The line containing "Amber Stone with Brush" marks the end: copy exactly every line from the start of the records below up to and including it, leaving out pictures.

(Recorded information begins)

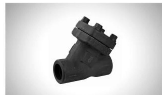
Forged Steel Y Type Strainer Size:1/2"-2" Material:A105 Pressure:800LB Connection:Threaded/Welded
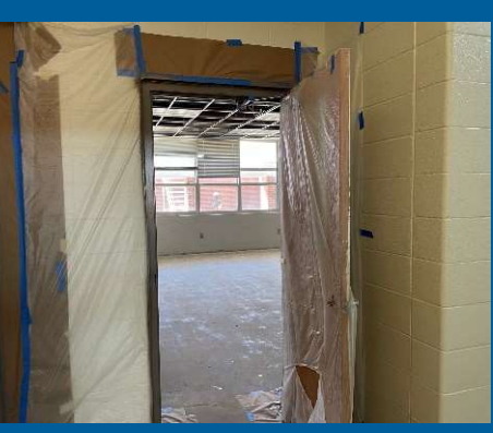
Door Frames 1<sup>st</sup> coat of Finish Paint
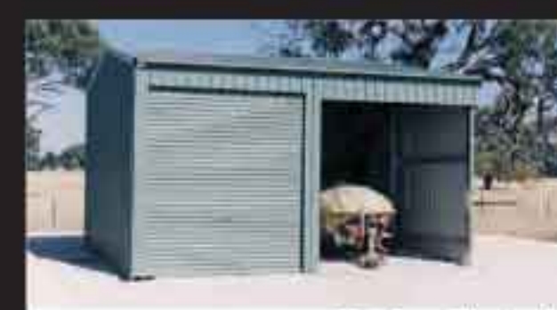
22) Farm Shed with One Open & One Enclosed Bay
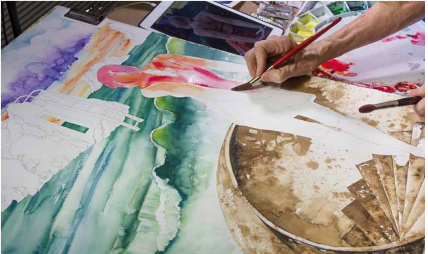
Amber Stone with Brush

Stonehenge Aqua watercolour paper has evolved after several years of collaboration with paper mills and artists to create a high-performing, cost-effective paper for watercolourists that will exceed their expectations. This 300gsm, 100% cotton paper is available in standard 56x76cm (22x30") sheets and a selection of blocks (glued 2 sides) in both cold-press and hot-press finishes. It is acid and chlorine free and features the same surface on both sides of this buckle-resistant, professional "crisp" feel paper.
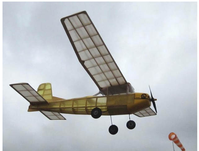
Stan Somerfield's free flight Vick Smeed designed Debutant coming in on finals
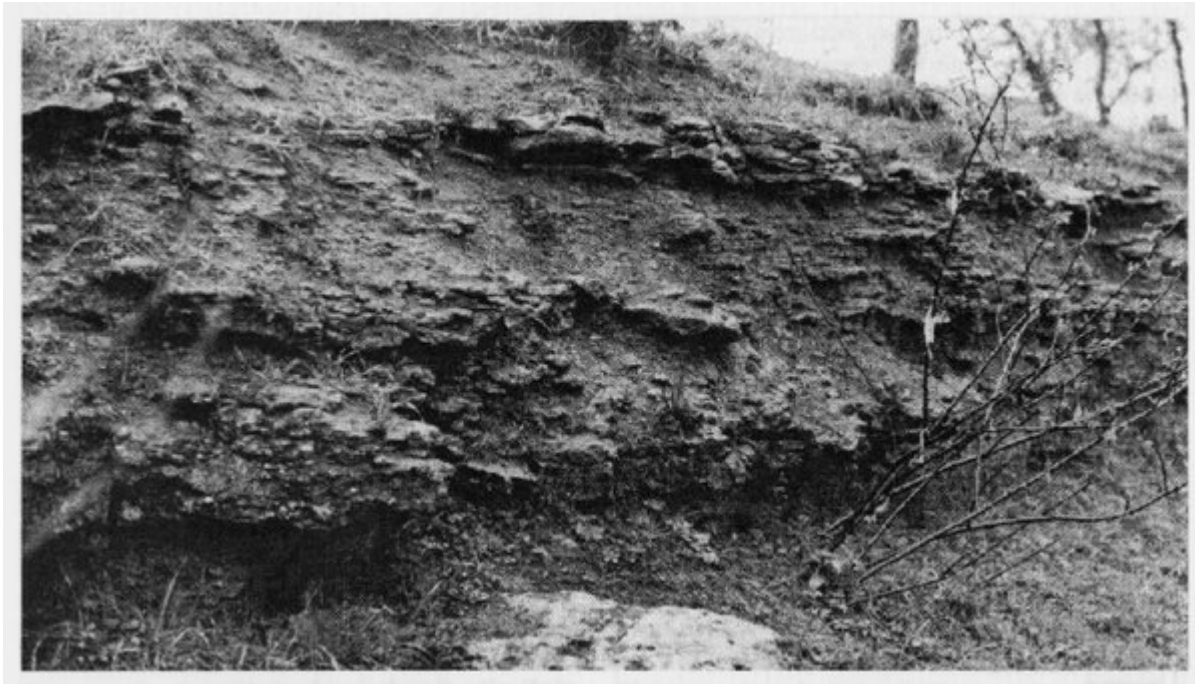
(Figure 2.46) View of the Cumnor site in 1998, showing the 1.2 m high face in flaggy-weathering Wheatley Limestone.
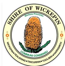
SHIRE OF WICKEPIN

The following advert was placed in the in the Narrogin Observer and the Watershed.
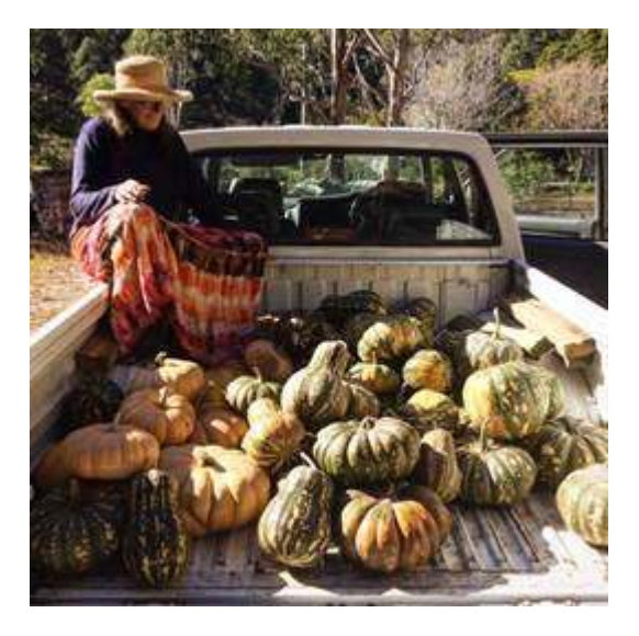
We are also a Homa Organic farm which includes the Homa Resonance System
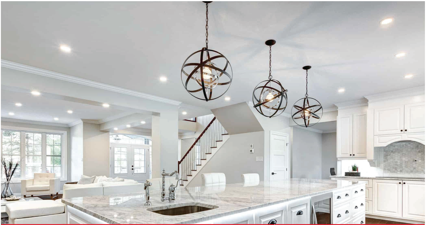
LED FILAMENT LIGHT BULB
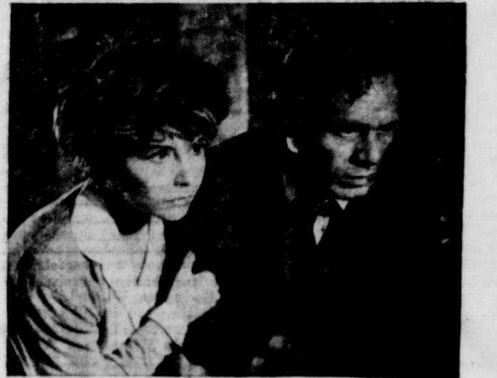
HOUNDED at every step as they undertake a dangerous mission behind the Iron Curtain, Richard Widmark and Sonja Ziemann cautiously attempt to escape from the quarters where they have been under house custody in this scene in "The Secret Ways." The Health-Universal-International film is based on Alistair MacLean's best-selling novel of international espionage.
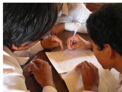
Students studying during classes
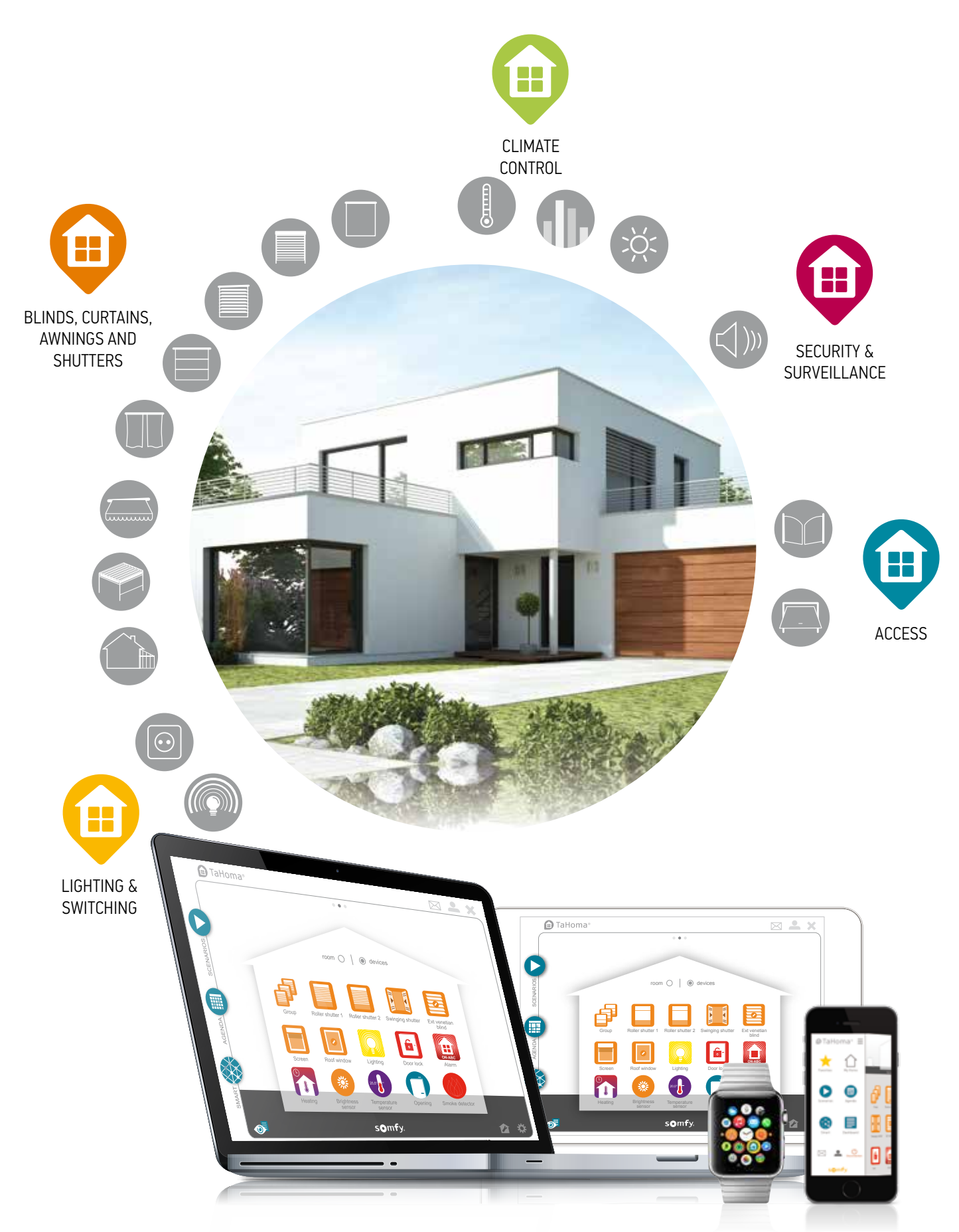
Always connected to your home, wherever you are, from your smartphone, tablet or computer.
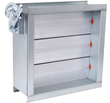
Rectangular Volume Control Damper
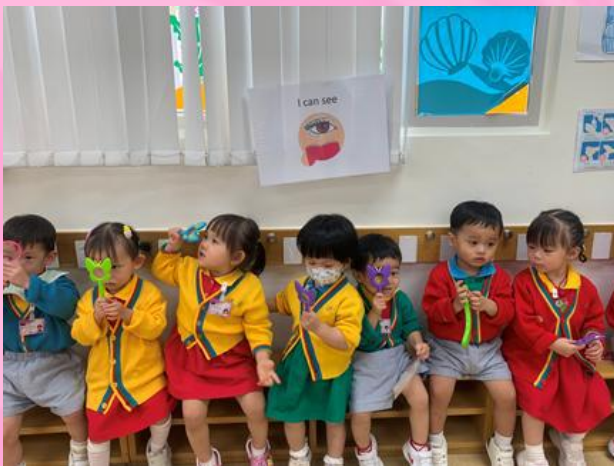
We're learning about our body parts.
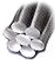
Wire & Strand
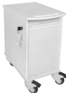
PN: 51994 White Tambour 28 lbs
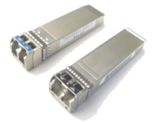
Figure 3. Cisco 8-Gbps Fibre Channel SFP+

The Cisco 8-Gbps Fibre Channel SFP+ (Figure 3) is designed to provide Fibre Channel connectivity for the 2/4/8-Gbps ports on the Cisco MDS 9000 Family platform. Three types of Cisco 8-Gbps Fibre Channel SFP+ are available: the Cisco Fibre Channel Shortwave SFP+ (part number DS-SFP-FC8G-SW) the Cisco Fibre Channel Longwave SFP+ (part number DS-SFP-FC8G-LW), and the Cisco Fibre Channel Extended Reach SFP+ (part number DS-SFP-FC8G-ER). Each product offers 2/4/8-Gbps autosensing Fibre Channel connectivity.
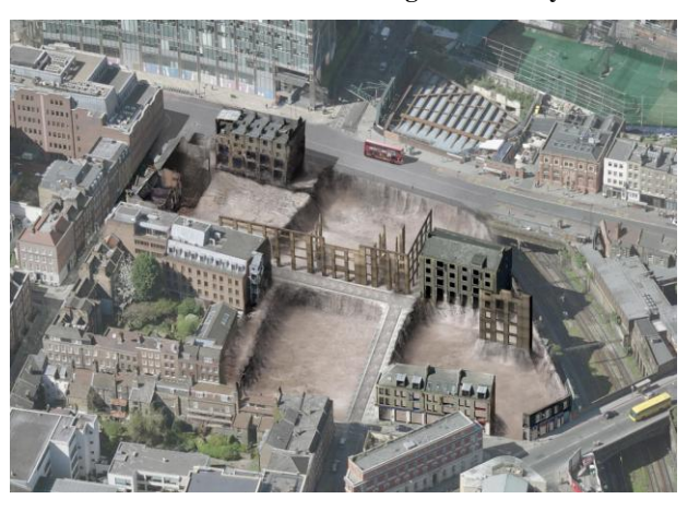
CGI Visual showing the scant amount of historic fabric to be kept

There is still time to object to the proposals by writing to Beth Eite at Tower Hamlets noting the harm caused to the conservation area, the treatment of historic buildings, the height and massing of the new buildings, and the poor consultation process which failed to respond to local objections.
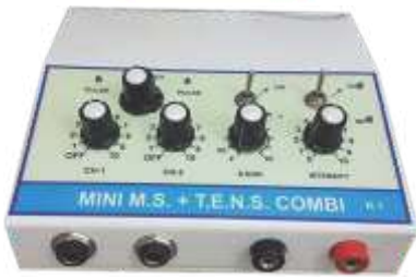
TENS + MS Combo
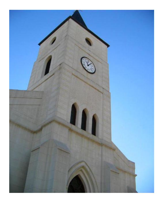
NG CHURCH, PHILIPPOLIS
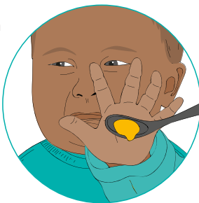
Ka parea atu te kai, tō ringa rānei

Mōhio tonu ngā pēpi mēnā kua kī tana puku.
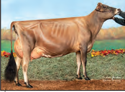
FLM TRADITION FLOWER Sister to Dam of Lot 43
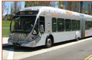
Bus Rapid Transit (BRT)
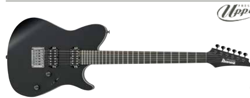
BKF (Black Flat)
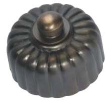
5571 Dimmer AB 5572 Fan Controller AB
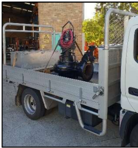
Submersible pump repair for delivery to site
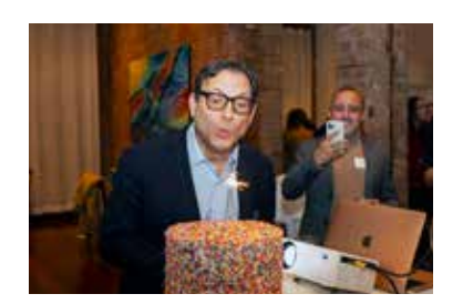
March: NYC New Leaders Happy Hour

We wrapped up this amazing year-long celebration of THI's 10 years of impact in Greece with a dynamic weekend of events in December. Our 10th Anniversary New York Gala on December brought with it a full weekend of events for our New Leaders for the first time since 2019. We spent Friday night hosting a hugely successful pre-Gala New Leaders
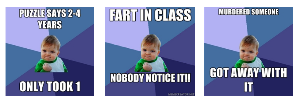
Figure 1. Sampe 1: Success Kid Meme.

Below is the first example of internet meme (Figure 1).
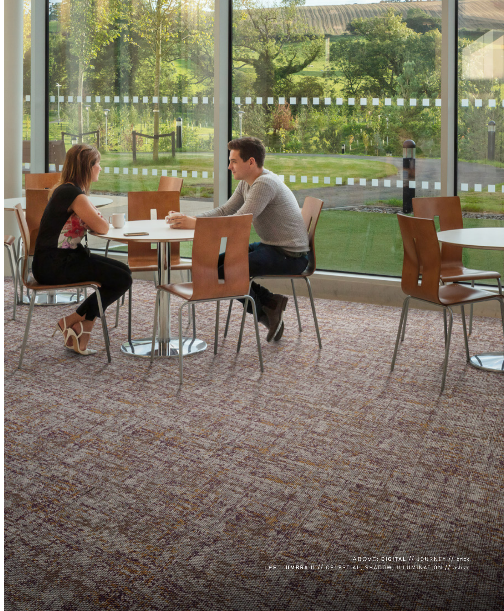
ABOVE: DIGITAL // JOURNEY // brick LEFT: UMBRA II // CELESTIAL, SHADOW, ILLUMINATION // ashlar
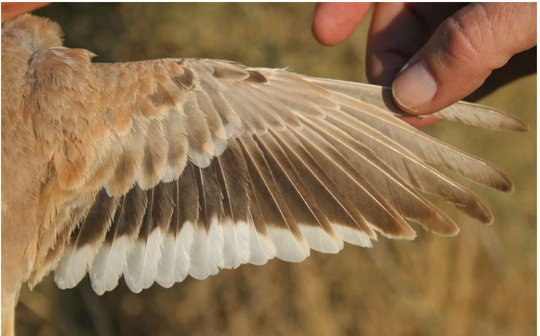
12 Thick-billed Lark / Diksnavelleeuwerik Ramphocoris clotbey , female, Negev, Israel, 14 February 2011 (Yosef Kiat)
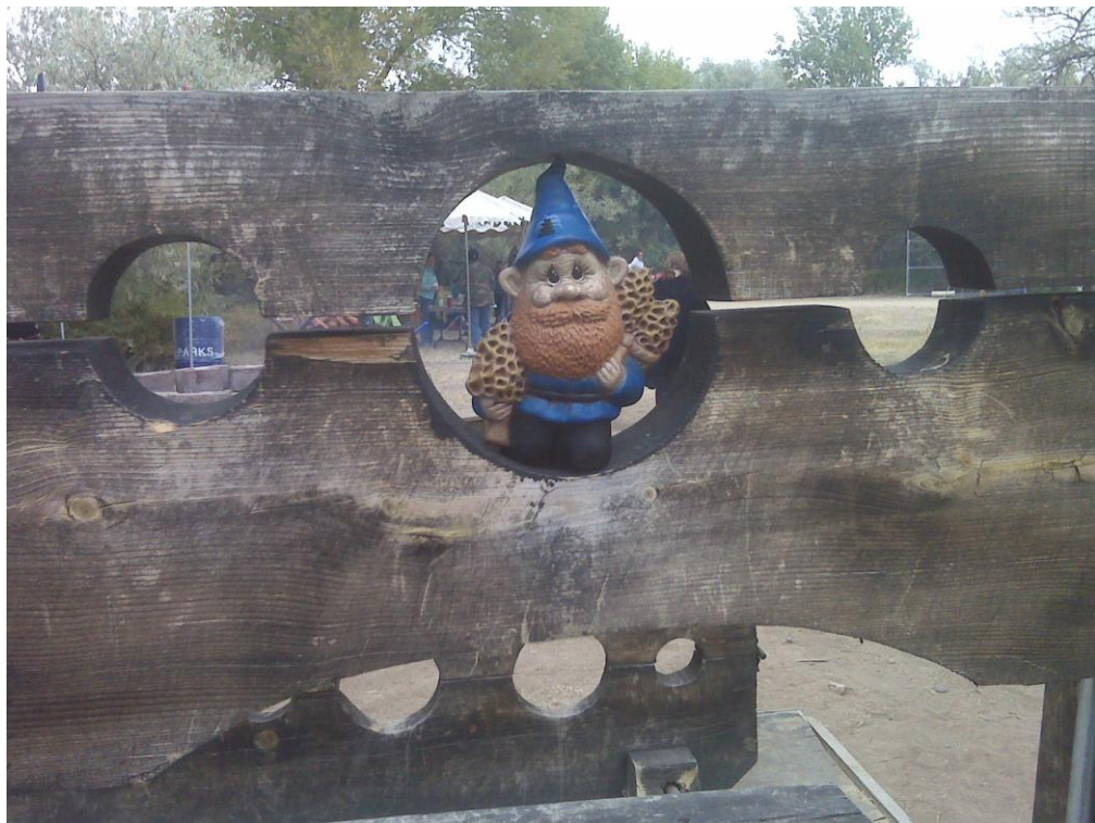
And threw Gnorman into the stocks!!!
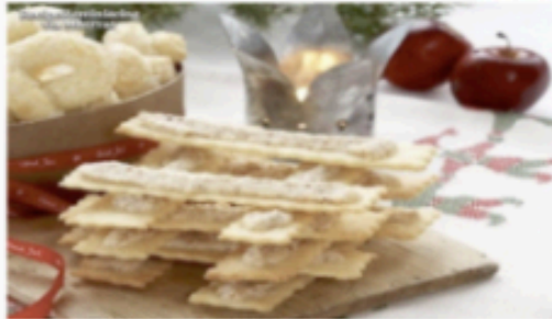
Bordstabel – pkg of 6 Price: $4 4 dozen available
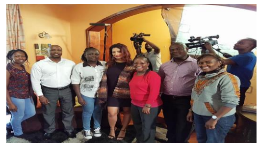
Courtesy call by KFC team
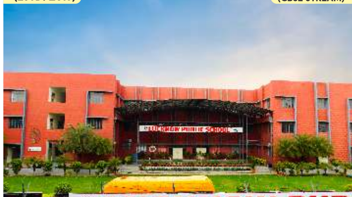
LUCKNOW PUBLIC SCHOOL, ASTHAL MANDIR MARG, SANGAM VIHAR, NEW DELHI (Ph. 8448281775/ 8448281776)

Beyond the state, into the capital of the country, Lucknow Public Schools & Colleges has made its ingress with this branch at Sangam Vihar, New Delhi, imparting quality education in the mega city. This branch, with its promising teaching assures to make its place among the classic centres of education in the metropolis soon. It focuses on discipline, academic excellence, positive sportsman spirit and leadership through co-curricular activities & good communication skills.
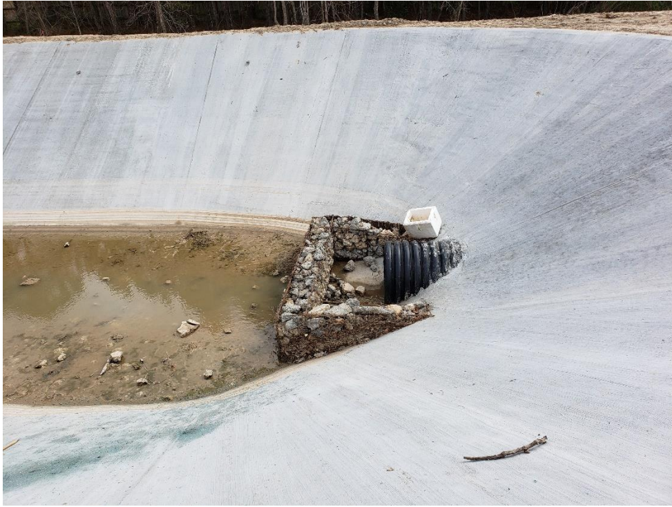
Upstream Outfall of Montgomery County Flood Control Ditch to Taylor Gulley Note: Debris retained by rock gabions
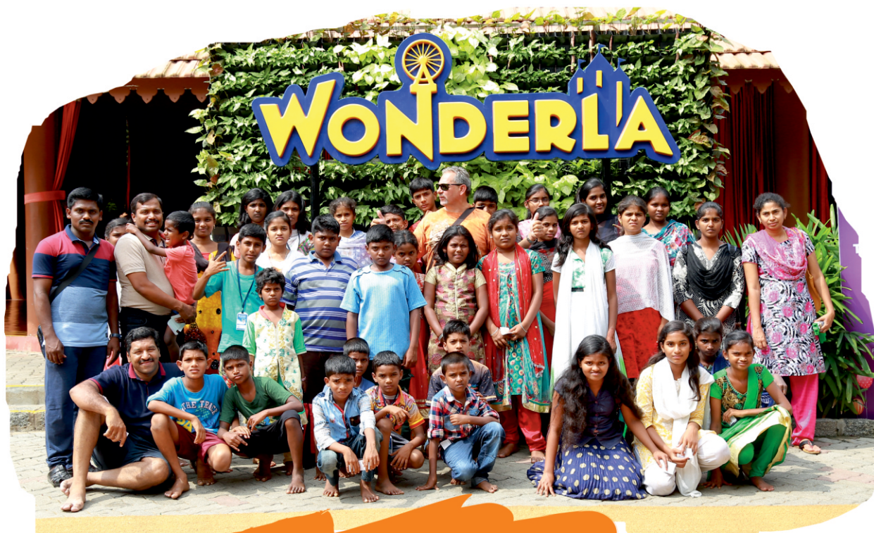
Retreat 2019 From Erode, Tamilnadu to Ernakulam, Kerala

(Recorded information ends)

Task answer →
Forged Steel Y Type Strainer Size:1/2"-2" Material:A105 Pressure:800LB Connection:Threaded/Welded
Door Frames 1<sup>st</sup> coat of Finish Paint
22) Farm Shed with One Open & One Enclosed Bay
Amber Stone with Brush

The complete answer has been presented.